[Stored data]
----------------
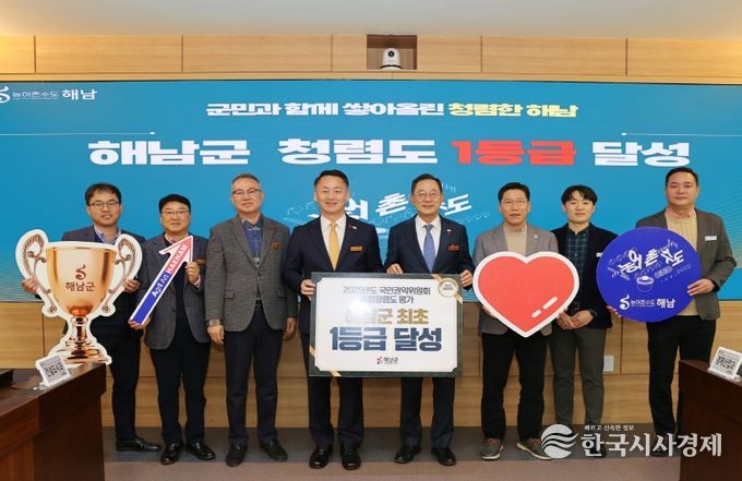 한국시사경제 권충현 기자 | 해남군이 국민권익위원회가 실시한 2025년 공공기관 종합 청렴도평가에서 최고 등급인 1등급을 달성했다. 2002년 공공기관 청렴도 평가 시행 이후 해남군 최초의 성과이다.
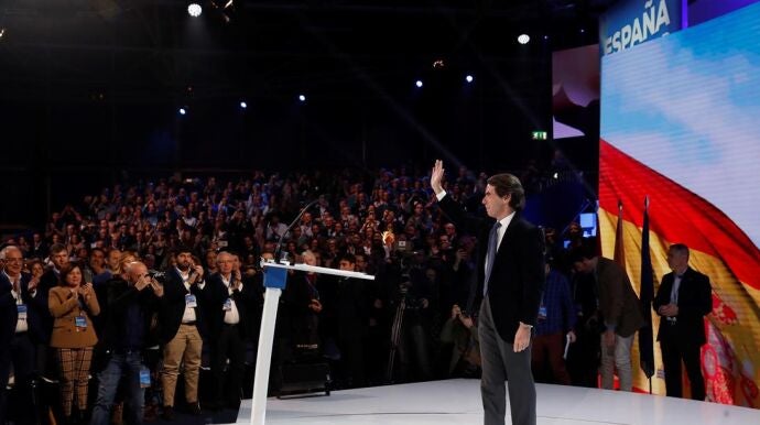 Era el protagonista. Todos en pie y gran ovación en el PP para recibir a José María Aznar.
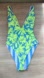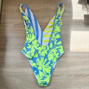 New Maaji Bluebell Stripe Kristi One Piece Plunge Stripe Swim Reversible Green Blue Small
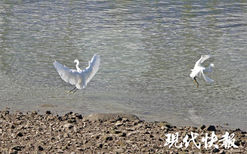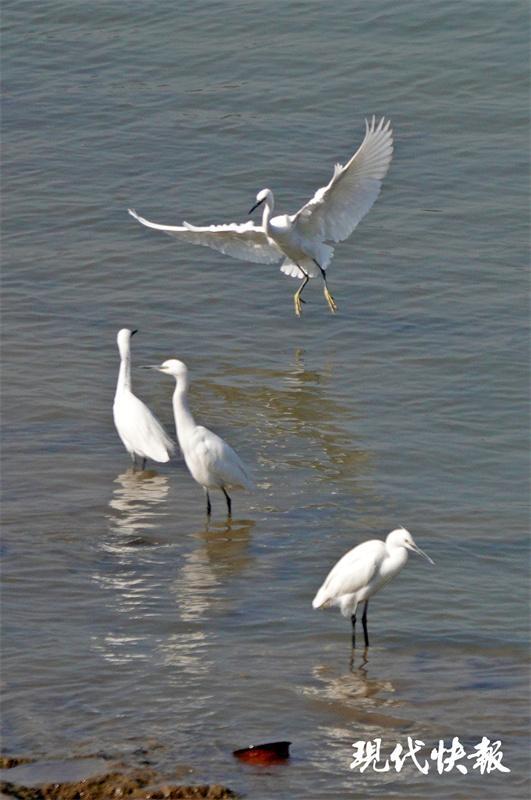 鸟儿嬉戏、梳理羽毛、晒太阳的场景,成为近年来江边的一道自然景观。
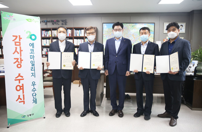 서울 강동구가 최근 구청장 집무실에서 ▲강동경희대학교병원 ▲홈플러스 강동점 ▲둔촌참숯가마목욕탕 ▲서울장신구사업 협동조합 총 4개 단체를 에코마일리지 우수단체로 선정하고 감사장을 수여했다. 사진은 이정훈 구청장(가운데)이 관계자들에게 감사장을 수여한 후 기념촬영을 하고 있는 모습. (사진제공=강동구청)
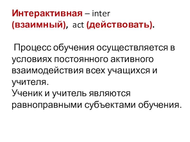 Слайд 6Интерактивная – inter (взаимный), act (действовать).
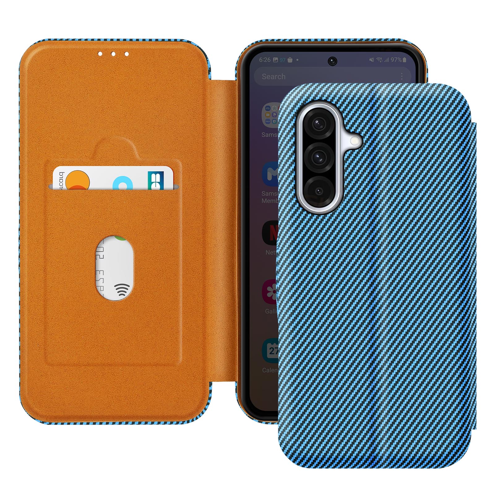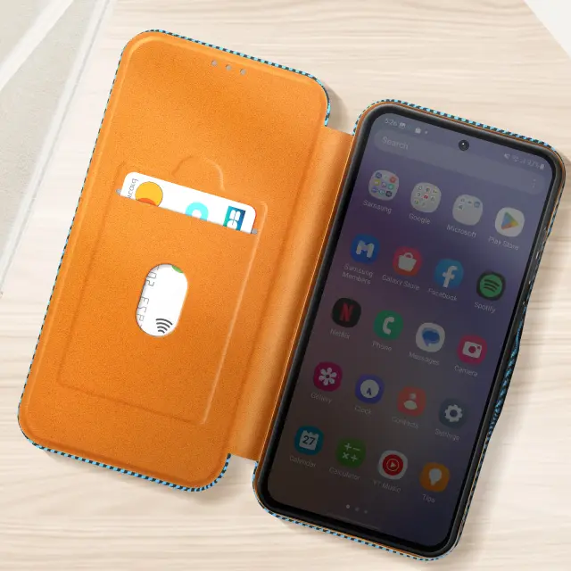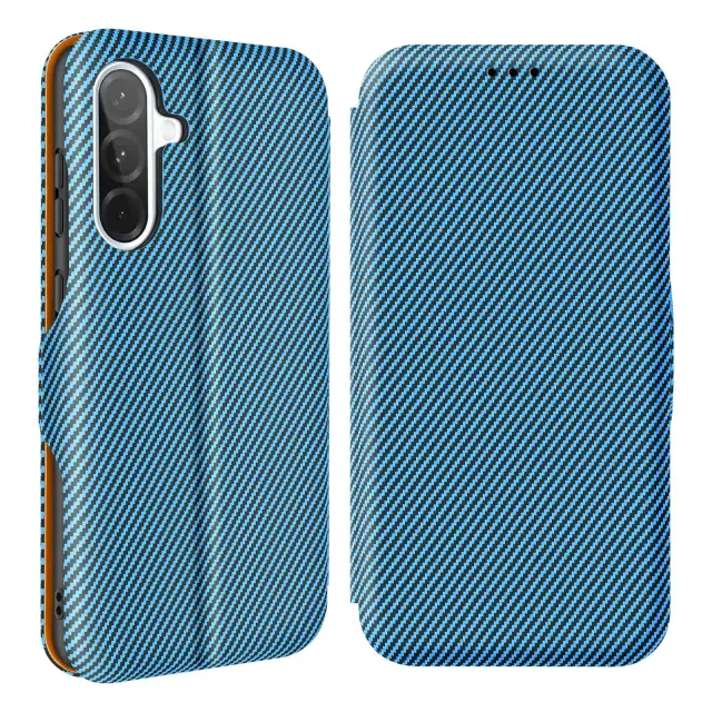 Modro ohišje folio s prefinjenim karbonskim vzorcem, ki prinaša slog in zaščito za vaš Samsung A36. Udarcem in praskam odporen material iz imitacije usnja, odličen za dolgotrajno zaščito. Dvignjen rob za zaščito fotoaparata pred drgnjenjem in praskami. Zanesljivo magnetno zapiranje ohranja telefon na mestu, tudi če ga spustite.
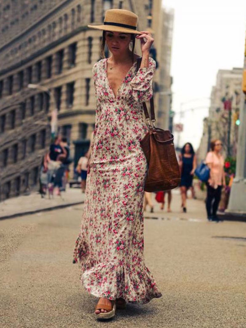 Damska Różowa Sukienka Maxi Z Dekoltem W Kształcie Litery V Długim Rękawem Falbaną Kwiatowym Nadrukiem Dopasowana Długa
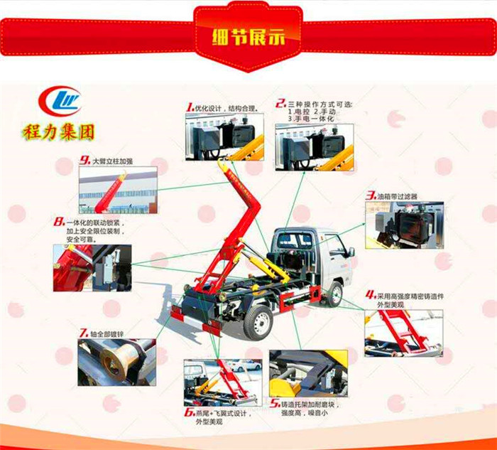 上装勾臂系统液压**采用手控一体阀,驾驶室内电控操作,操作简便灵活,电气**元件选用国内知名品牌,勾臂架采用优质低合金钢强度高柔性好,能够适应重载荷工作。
----------------
# Directions for this task
Give back, exactly and with nothing added, the lines from the line with "Modro ohišje folio" through the final line of the data, both included; leave pictures out.

# Expected answer
 Modro ohišje folio s prefinjenim karbonskim vzorcem, ki prinaša slog in zaščito za vaš Samsung A36. Udarcem in praskam odporen material iz imitacije usnja, odličen za dolgotrajno zaščito. Dvignjen rob za zaščito fotoaparata pred drgnjenjem in praskami. Zanesljivo magnetno zapiranje ohranja telefon na mestu, tudi če ga spustite.
 Damska Różowa Sukienka Maxi Z Dekoltem W Kształcie Litery V Długim Rękawem Falbaną Kwiatowym Nadrukiem Dopasowana Długa
 上装勾臂系统液压**采用手控一体阀,驾驶室内电控操作,操作简便灵活,电气**元件选用国内知名品牌,勾臂架采用优质低合金钢强度高柔性好,能够适应重载荷工作。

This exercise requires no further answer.